What the task asks:
Take the entries below and print, exactly, the stretch from the line containing "2025 Harris Sunliner" through the line containing "alcanzó un 54%.", both included.

START Excerpted records

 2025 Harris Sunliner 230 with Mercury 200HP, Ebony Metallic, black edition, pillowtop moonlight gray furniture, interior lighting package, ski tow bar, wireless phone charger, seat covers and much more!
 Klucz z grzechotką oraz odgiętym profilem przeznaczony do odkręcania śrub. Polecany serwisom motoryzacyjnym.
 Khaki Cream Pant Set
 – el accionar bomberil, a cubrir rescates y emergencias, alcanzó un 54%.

END Excerpted records
START Excerpted records

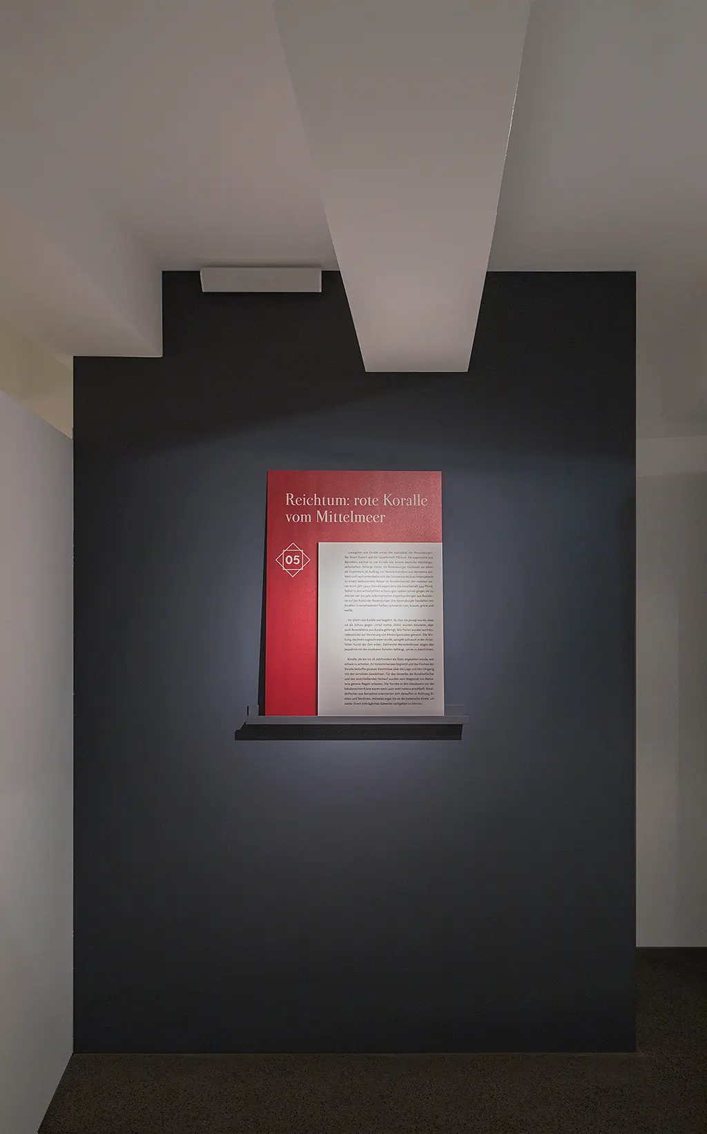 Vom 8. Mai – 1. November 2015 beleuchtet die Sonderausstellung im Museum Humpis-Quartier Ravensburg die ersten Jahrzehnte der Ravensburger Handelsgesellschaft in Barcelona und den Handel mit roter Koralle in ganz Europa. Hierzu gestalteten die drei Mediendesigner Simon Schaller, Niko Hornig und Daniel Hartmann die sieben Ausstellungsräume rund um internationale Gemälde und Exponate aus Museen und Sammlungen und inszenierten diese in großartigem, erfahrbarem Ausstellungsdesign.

END Excerpted records

Response to this task:
 2025 Harris Sunliner 230 with Mercury 200HP, Ebony Metallic, black edition, pillowtop moonlight gray furniture, interior lighting package, ski tow bar, wireless phone charger, seat covers and much more!
 Klucz z grzechotką oraz odgiętym profilem przeznaczony do odkręcania śrub. Polecany serwisom motoryzacyjnym.
 Khaki Cream Pant Set
 – el accionar bomberil, a cubrir rescates y emergencias, alcanzó un 54%.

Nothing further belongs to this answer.